» **The data**
○ ○ ○ ○

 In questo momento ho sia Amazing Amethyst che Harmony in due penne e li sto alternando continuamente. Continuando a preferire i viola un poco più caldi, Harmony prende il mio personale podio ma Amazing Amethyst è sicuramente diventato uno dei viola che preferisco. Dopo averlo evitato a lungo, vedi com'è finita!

○ ○ ○ ○

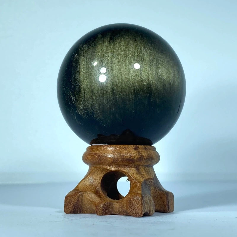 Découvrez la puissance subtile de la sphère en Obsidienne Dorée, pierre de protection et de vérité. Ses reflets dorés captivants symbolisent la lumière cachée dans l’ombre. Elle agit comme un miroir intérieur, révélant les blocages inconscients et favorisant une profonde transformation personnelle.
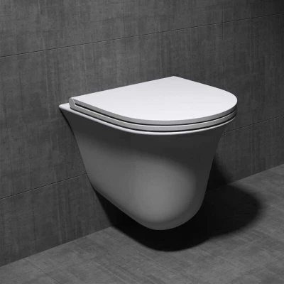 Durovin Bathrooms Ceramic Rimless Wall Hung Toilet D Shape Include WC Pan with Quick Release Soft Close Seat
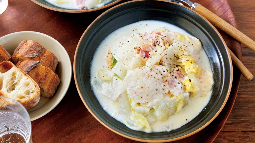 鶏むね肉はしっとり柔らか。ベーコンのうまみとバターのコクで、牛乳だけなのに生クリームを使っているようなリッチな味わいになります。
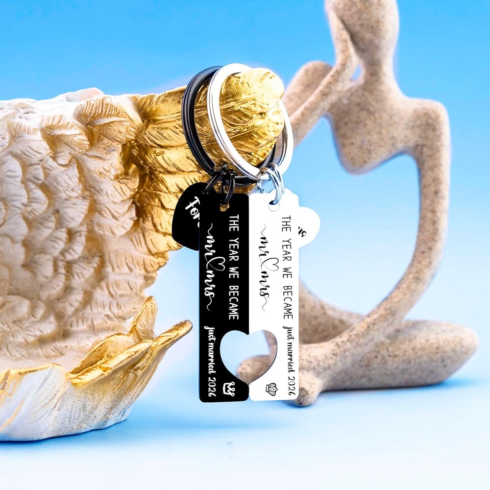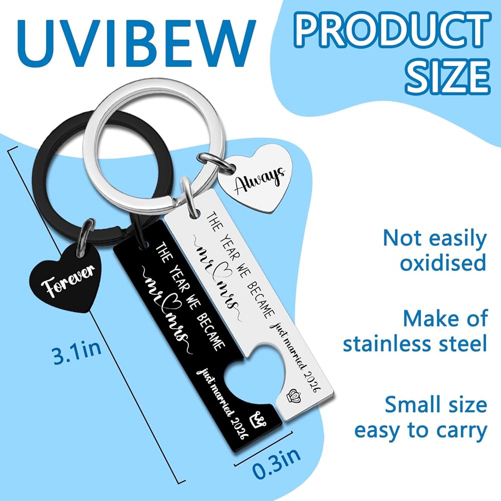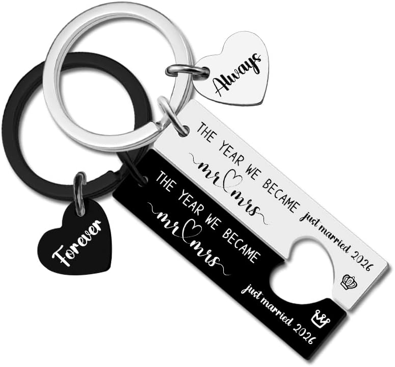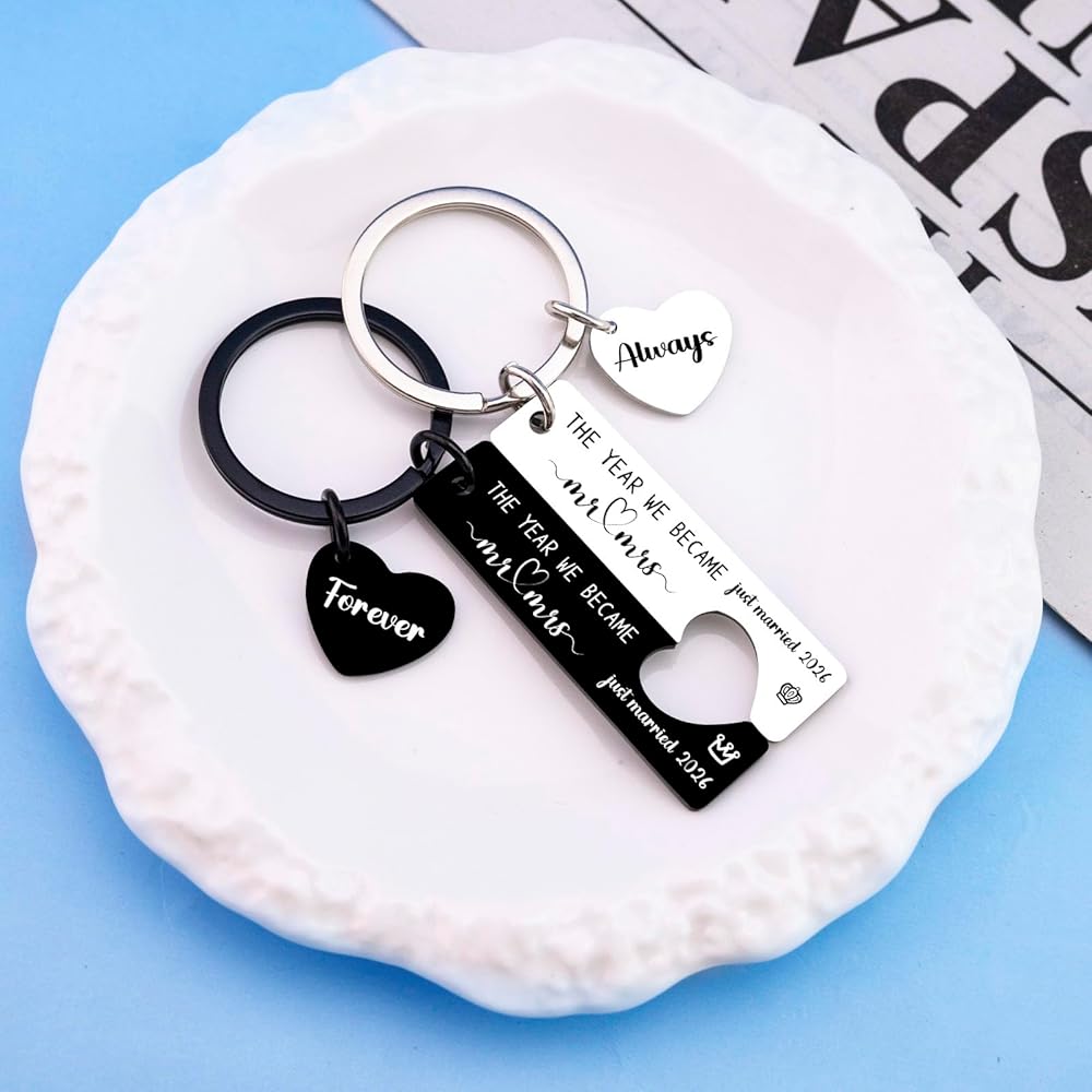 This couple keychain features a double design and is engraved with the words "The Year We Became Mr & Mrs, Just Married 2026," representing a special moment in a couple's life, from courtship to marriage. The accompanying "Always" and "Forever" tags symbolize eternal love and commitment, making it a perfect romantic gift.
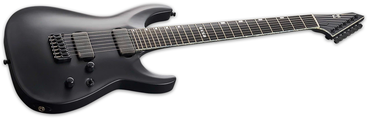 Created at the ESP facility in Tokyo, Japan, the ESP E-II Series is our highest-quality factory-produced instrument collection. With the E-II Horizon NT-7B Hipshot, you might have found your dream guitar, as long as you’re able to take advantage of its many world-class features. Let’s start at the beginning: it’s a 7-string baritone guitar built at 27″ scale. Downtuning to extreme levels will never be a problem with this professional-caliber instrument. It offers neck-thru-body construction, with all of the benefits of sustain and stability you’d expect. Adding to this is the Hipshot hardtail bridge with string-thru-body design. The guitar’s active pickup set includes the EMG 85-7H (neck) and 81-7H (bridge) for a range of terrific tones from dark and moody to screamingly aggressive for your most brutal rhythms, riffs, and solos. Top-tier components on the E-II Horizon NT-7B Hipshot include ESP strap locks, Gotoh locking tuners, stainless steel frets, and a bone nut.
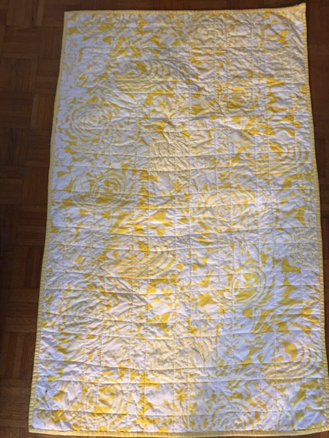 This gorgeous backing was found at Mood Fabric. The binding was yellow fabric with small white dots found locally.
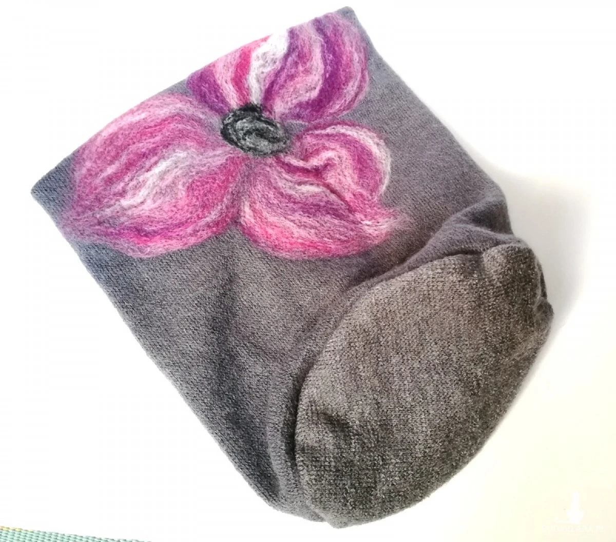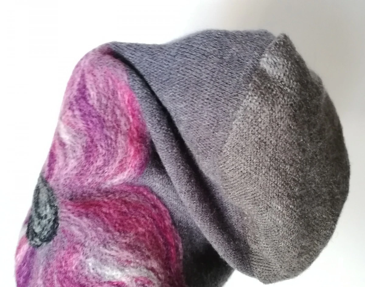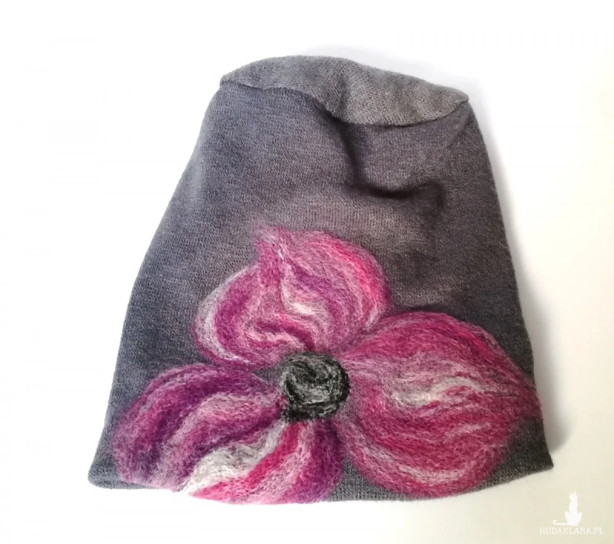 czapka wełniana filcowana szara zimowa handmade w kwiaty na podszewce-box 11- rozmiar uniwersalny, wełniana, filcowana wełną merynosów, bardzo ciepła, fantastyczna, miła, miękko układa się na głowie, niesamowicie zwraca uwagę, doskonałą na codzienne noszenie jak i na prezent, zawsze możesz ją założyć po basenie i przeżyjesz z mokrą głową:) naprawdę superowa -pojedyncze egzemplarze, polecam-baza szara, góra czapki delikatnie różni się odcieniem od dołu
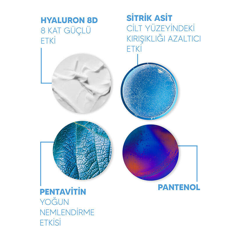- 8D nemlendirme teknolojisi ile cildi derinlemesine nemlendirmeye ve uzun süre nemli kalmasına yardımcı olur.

○ ○ ○ ○

» **Task details**
Your answer must be the exact lines from the records above, from the one containing "Durovin Bathrooms Ceramic" through the one containing "鶏むね肉はしっとり柔らか。ベ", both included, with every picture left out.

» **Completed task**
 Durovin Bathrooms Ceramic Rimless Wall Hung Toilet D Shape Include WC Pan with Quick Release Soft Close Seat
 鶏むね肉はしっとり柔らか。ベーコンのうまみとバターのコクで、牛乳だけなのに生クリームを使っているようなリッチな味わいになります。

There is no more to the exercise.